─── Record set ───
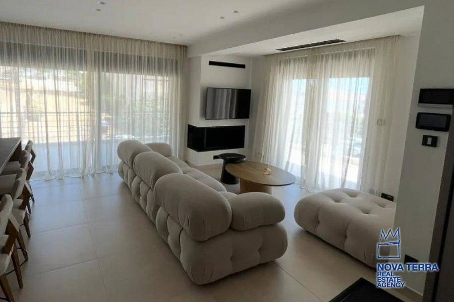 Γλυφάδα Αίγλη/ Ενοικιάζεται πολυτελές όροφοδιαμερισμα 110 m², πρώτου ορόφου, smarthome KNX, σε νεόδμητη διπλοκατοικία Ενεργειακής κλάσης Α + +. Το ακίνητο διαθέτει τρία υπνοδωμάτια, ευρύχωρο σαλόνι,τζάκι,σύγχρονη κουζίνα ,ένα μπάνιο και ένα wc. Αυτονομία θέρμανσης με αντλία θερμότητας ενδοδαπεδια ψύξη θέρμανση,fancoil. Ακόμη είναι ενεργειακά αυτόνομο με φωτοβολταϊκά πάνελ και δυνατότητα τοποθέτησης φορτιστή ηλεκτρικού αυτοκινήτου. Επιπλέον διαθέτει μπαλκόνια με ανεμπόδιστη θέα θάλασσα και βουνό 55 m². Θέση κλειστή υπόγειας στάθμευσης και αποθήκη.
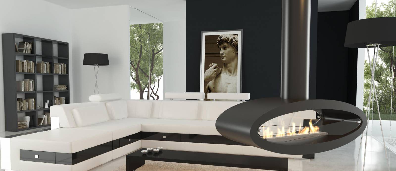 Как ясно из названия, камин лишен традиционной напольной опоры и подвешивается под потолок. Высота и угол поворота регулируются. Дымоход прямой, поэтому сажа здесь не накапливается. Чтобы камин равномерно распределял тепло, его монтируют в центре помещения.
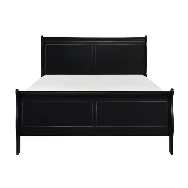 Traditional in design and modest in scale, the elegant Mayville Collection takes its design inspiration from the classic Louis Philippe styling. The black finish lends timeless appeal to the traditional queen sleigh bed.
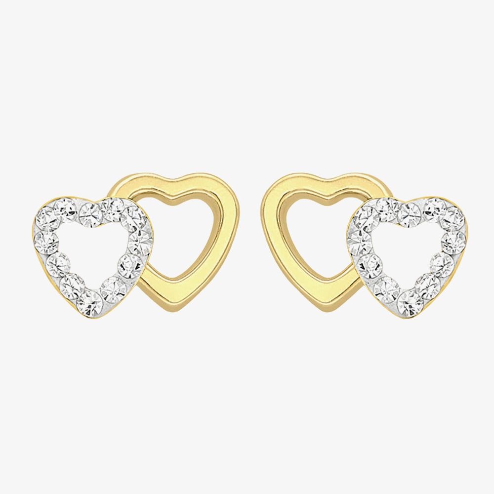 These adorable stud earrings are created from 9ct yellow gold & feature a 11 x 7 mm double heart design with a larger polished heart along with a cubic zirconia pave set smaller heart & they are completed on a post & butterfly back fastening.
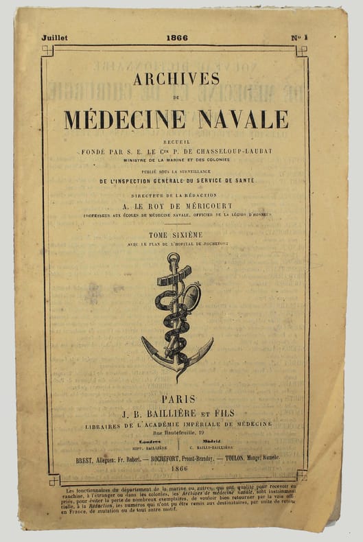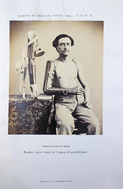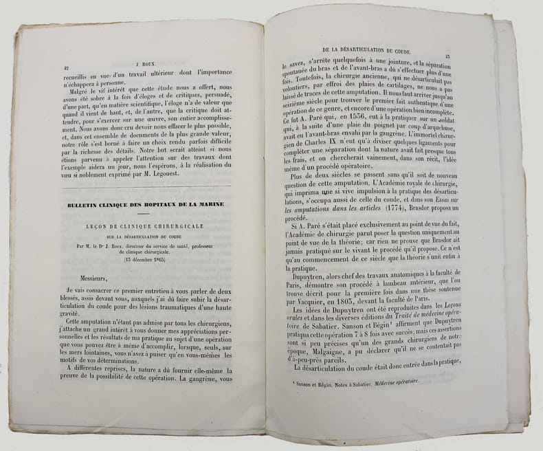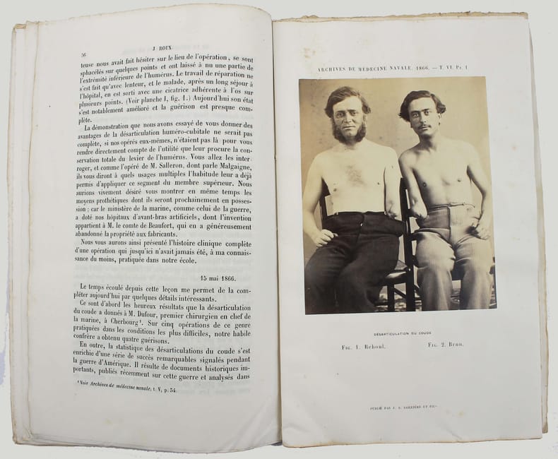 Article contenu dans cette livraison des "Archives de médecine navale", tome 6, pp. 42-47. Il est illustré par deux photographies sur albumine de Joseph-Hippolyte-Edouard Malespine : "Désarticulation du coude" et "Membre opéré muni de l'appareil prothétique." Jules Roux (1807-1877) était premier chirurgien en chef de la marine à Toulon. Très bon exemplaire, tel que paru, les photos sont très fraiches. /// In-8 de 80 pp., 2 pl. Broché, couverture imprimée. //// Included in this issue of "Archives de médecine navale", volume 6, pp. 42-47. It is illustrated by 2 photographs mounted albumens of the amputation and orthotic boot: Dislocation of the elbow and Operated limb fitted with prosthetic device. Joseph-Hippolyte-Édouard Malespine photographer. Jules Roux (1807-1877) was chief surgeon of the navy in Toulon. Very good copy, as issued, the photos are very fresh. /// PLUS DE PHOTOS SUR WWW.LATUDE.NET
───
→ **How to complete this task**
The data above should be restated exactly, with its images dropped.

→ **Answer to this problem**
 Γλυφάδα Αίγλη/ Ενοικιάζεται πολυτελές όροφοδιαμερισμα 110 m², πρώτου ορόφου, smarthome KNX, σε νεόδμητη διπλοκατοικία Ενεργειακής κλάσης Α + +. Το ακίνητο διαθέτει τρία υπνοδωμάτια, ευρύχωρο σαλόνι,τζάκι,σύγχρονη κουζίνα ,ένα μπάνιο και ένα wc. Αυτονομία θέρμανσης με αντλία θερμότητας ενδοδαπεδια ψύξη θέρμανση,fancoil. Ακόμη είναι ενεργειακά αυτόνομο με φωτοβολταϊκά πάνελ και δυνατότητα τοποθέτησης φορτιστή ηλεκτρικού αυτοκινήτου. Επιπλέον διαθέτει μπαλκόνια με ανεμπόδιστη θέα θάλασσα και βουνό 55 m². Θέση κλειστή υπόγειας στάθμευσης και αποθήκη.
 Как ясно из названия, камин лишен традиционной напольной опоры и подвешивается под потолок. Высота и угол поворота регулируются. Дымоход прямой, поэтому сажа здесь не накапливается. Чтобы камин равномерно распределял тепло, его монтируют в центре помещения.
 Traditional in design and modest in scale, the elegant Mayville Collection takes its design inspiration from the classic Louis Philippe styling. The black finish lends timeless appeal to the traditional queen sleigh bed.
 These adorable stud earrings are created from 9ct yellow gold & feature a 11 x 7 mm double heart design with a larger polished heart along with a cubic zirconia pave set smaller heart & they are completed on a post & butterfly back fastening.
 Article contenu dans cette livraison des "Archives de médecine navale", tome 6, pp. 42-47. Il est illustré par deux photographies sur albumine de Joseph-Hippolyte-Edouard Malespine : "Désarticulation du coude" et "Membre opéré muni de l'appareil prothétique." Jules Roux (1807-1877) était premier chirurgien en chef de la marine à Toulon. Très bon exemplaire, tel que paru, les photos sont très fraiches. /// In-8 de 80 pp., 2 pl. Broché, couverture imprimée. //// Included in this issue of "Archives de médecine navale", volume 6, pp. 42-47. It is illustrated by 2 photographs mounted albumens of the amputation and orthotic boot: Dislocation of the elbow and Operated limb fitted with prosthetic device. Joseph-Hippolyte-Édouard Malespine photographer. Jules Roux (1807-1877) was chief surgeon of the navy in Toulon. Very good copy, as issued, the photos are very fresh. /// PLUS DE PHOTOS SUR WWW.LATUDE.NET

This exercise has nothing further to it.